VBench-1.0-mini works the same way as Standard mode — only with fewer prompts. It is still recommended to organize generated videos in per-dimension subdirectories:

import os

dim_to_subdir = {
    "background_consistency": "scene",
    "aesthetic_quality": "overall_consistency",
    "imaging_quality": "overall_consistency",
    "motion_smoothness": "subject_consistency",
    "dynamic_degree": "subject_consistency",
}

# Read the dimensions and prompts to generate from the mini full_info
import json
with open("ais_bench/third_party/vbench/VBench_full_info.json", "r") as f:
    full_info = json.load(f)

# Aggregate dimensions by prompt
from collections import defaultdict
prompt_dim_map = defaultdict(set)
for entry in full_info:
    prompt_dim_map[entry["prompt_en"]].update(entry["dimension"])
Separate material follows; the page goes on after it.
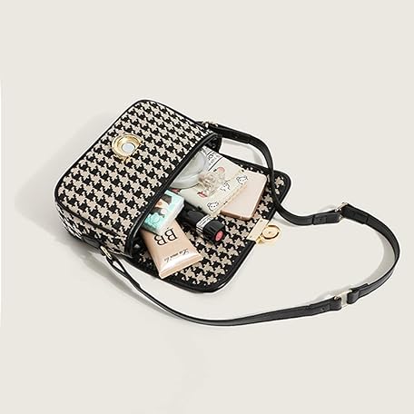 Women's Shoulder Bag Fashion Half Moon Bag Hobo Underarm Purse Tote Handbag Retro Blue Plaid Tweed Houndstooth Grid, Shoulder Bag/Houndstooth, M, Shoulder Bag/Houndstooth

for prompt, dims in prompt_dim_map.items():
    for dim in dims:
        subdir = dim_to_subdir.get(dim, dim)
        save_dir = os.path.join(args.save_path, subdir)
        os.makedirs(save_dir, exist_ok=True)

        n = 25 if dim == "temporal_flickering" else 5
        for index in range(n):
            video = sample_func(prompt, index)
            save_path = os.path.join(save_dir, f"{prompt}-{index}.mp4")
            torchvision.io.write_video(save_path, video, fps=8)

Run Evaluation

After replacing VBench_full_info.json and preparing the video directory, the evaluation command is exactly the same as Standard mode:

# Must explicitly specify --mode eval, and set DATA_PATH to your video directory
ais_bench ais_bench/configs/vbench_examples/eval_vbench_standard.py --mode eval --max-num-workers 1

If the prompts come from a custom video directory and do not use the dimension mappings in VBench_full_info.json, you can also use the Custom mode configuration for evaluation.